Still today, Herr can remember stepping into the group’s first bionic leg prototype—and then back to a traditional prosthesis—for the first time.
“It was as profound as when you’re walking through the airport and you hit the moving walkway. When you get off and return to normal walking, you’re like, ‘Walking is really strenuous and slow,’” he says. “That’s what it was like going from our powered system to passive conventional systems. So I knew there was magic there clinically.”
Herr’s experience commercializing a computer-controlled knee joint—designed by his group for the Icelandic company Ossur—inspired him to launch iWalk in 2006. The knee, now used by thousands of patients worldwide, utilizes iron particles suspended in oil between steel plates and manipulated by an electromagnetic field to either stiffen or relax during a wearer’s gait.
With Ossur there was a hefty, time-consuming transfer of technology—but launching an MIT startup ensured, among other things, that a core group of inventors would stay on to innovate and commercialize the product.
“I’m always thinking about minimizing the time and investment to get from bench to bedside,” Herr says. “Starting a company is one way of enhancing that efficiency. And it’s ideal for passion: Inventors just care a lot about their inventions, and that passion and commitment fuels commercial progress.”

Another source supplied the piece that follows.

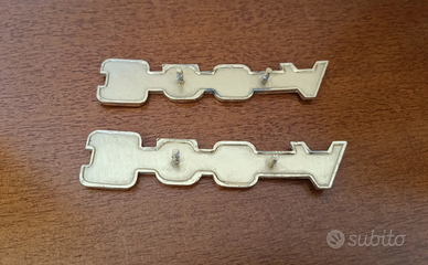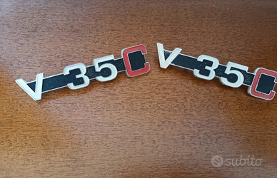Badge originali montati su Moto Guzzi V35C, i 2 badges erano montati sui fianchetti laterali della moto. Avredo la modificata sono stati smontati e custoditi in una scatola per anni e dopo un recente trasloco sono saltati fuori. Le foto parlano da sole, sono in ottime condizioni.

Today’s BiOM system has undergone more than 20 iterations, funded by roughly $50 million of venture capital and grants—and the company keeps designing and innovating. “Not only is the BiOM Ankle System improving month-by-month, year-by-year, but the company is also planning to launch additional bionic products into the space to provide assistance to a larger number of people,” Herr says.

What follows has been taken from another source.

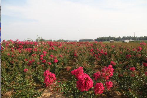 •(四)名优紫薇园区。目前该园区面积260亩。主栽品种为玫瑰红紫薇和国旗红紫薇。紫薇又称百日红,、满堂红、耐旱、怕涝,喜温暖潮润,喜光,喜肥,对二氧化硫、氟化氢及氯气的抗性强,能吸入有害气体,紫薇作为优秀的观花乔木,在园林绿化中,被广泛用于公园绿化、庭院绿化、道路绿化、街区城市等,在实际应用中可栽植于建筑物前、院落内、池畔、河边、草坪旁及公园中小径两旁均很相宜。也是做盆景的好材料。玫瑰红紫薇和国旗红紫薇作为近年兴起的紫薇新品种,因其花色艳丽,花期特长而市场广阔。

Osteoarthritis, humanoid design and “personal bionics”
BiOM’s broader goal is to prevent costly conditions such as osteoarthritis. As we age, the loss of fast muscle fibers, and excessive force, cause the ankle and calf muscles to lose power, driving painful joint disorders, such as knee osteoarthritis and low back pain—caused in part by awkward, limping gaits. Across the elderly population, joint osteoarthritis is a leading cause of mobility impairment.
At least among amputees, Herr says, BiOM could help by fitting elderly populations with leg prostheses equal in biomechanical agility and control to a young adult’s legs: “We find ourselves in a position where we can put 18-year-old calf muscles on patients independent of their age, mitigating the problem of joint osteoarthritis across all populations,” Herr says.

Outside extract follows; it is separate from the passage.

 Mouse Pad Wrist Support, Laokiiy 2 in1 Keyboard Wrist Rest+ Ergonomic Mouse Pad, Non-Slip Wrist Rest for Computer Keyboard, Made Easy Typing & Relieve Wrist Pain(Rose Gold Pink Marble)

By advancing prostheses, Herr says, the technology could also lead to innovation in a closely related field: humanoid robotics. “Imagine a future where we’ll have bionic feet, ankles, knees, and hips that are technologically optimal. One could just bolt these pieces together to produce a humanoid hardware platform,” Herr says.
But ultimately, the work of both BiOM and Herr’s group at MIT, he says, aims to help revolutionize the idea of “personal bionics,” blurring the lines between electromechanics and the human body. For instance, his MIT group is working, among other things, on bionic limbs that can be controlled by the mind and attached to the body.
“As we march into this century, technology is going to get more intimate with our bodies,” Herr says. “The bionic design approach is grounded in biological science that seeks to fundamentally understand how our bodies and brains work, and translates that knowledge into technology that reflects those principles, leading to a world where technology, because it is so innately human, essentially vanishes.”